The data is available as downloadable tab-separated text files (see notes on the data format below). The following datasets are already posted
TTESV - Tyndale Translation tags for ESV
Tags for Greek & Hebrew Extended Strongs (compatible with original Strongs) for the translated text of the ESV.
TOTHT - Tyndale OT Hebrew Tagged text
The Leningrad codex based on Westminster via OpenScriptures, with full morphological and semantic tags for all words, prefixes and suffixes. Semantic tags use the extended Strongs linked to BDB by OS, is backwardly compatible with simple Strongs tags and includes all affixes (as defined in TBESH). Morphological tags are from ETCBC converted to the format of OS (similar to Westminster) with different morphology for Ketiv/Qere when needed.
TAGNT - Translators Amalgamated Greek NT
Greek text created from the SBLGNT+apparatus, following the decisions made by NA28, listing the major editions that also use that form (SBL, Treg, TR, Byz, WH, NA28). Variants are being added from major editions plus the 1st 4 centuries of MSS (from Bunning). All words are tagged lexically (extended Strong linked to LSJ) and morphologically (Robinson based on Tauber plus a few missing details) plus context-sensitive meanings for words with more than one meaning. For copyright reasons, any words, variants or punctuation that occur only in NA27 and/or in NA28 are omitted, so that this data cannot be used to reconstruct those texts.

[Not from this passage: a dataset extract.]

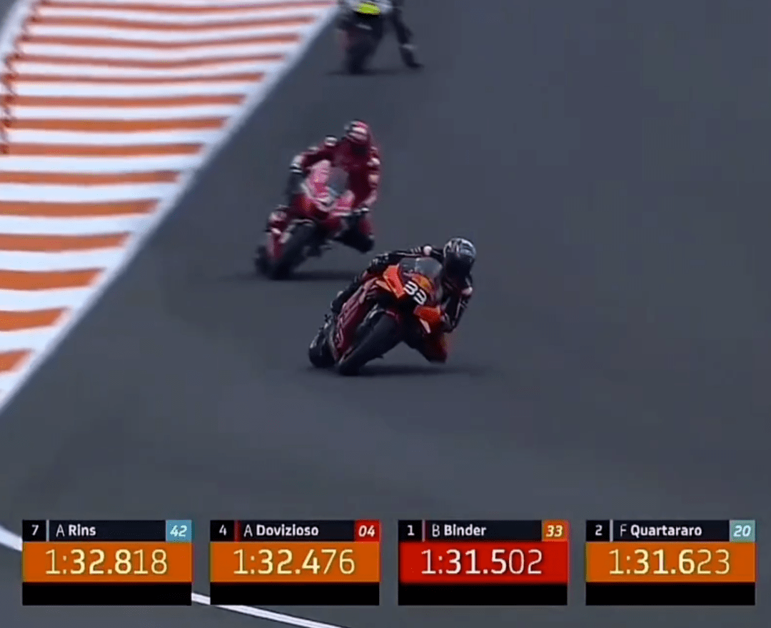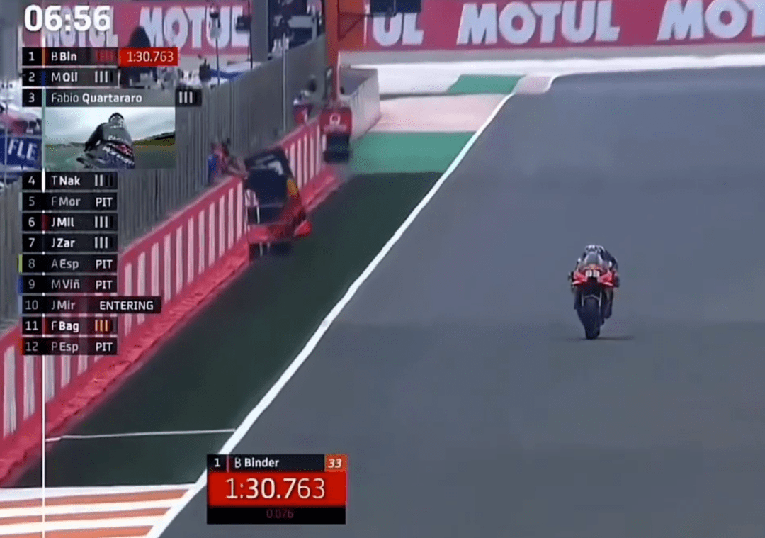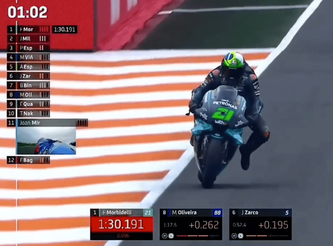 Q1的比賽大家都跑在了一起,看場面還以為是正賽,這種情況并不常見。上來Rins帶著小小馬、多維以及Tito一起跑,后面還跟著多位車手。車手們抱團(tuán)取暖并沒有換來好成績,反倒是后面的賓得跑到第1,緊接著賓得又刷新了自己的成績。此時在后面的小小馬直接來了個大highside,屁股著地重重摔在地上,好在問題不大,捂著屁股回去了。最終沒人超過賓得,賓得和小Q進(jìn)入Q2。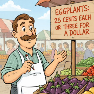 Eggplants for sale A grocer put up a sign that read: “Eggplants: 25 cents each or three for a dollar.” All day long, customers came in exclaiming:…

TBESH - Tyndale Brief lexicon of Extended Strongs for Hebrew
Abridged BDB linked to extended Strongs (compatible with OpenScriptures and backwardly compatible with original Strongs)
TBESG - Tyndale Brief lexicon of Extended Strongs for Greek
Brief definitions for all Greek Bible words (NT, LXX, Apoc, & variants) using corrected Abbott-Smith when available, completed with other similar definitions. Backwardly compatible with original Strongs.
TFLSJ - Tyndale Formatted full LSJ Bible lexicon
Full LSJ entries for all Bible words (NT, LXX, Apoc & variants), formatted for easy reading (all bibliographic data hidden as hover-text) linked to extended Strongs (backwardly compatible with original Strongs).
TIPNR - Tyndale Individualised Proper Names with all References
Every name in the Bible, linked to all Hebrew & Greek forms of that name and separated into individual people & places. Each form of the names for each individual includes exhaustive refs for where that individual is named with data of their spouses, siblings and offspring or the places’ geolocation (based on OpenBible).
TVTMS - Tyndale Versification Traditions with Methodology for Standardisation: Eng+Heb+Lat+Grk+Others
All the versification differences in the OT traditional texts in Hebrew, Latin and Greek, and NT early versification, compared with English standard (defined by NRSV which is virtually identical to KJV). Bible translations have an almost infinite variety of versifications because they may follow (for example) Latin in several sections, Hebrew in a few and English most of the time. The Methodology provides simple rules for every section, such as “if this chapter has 29 verses, it is using Greek versification”. Using this, a whole Bible can be reversified according to English or traditional Hebrew or Greek or Latin versification, or compared with Bibles using that versification.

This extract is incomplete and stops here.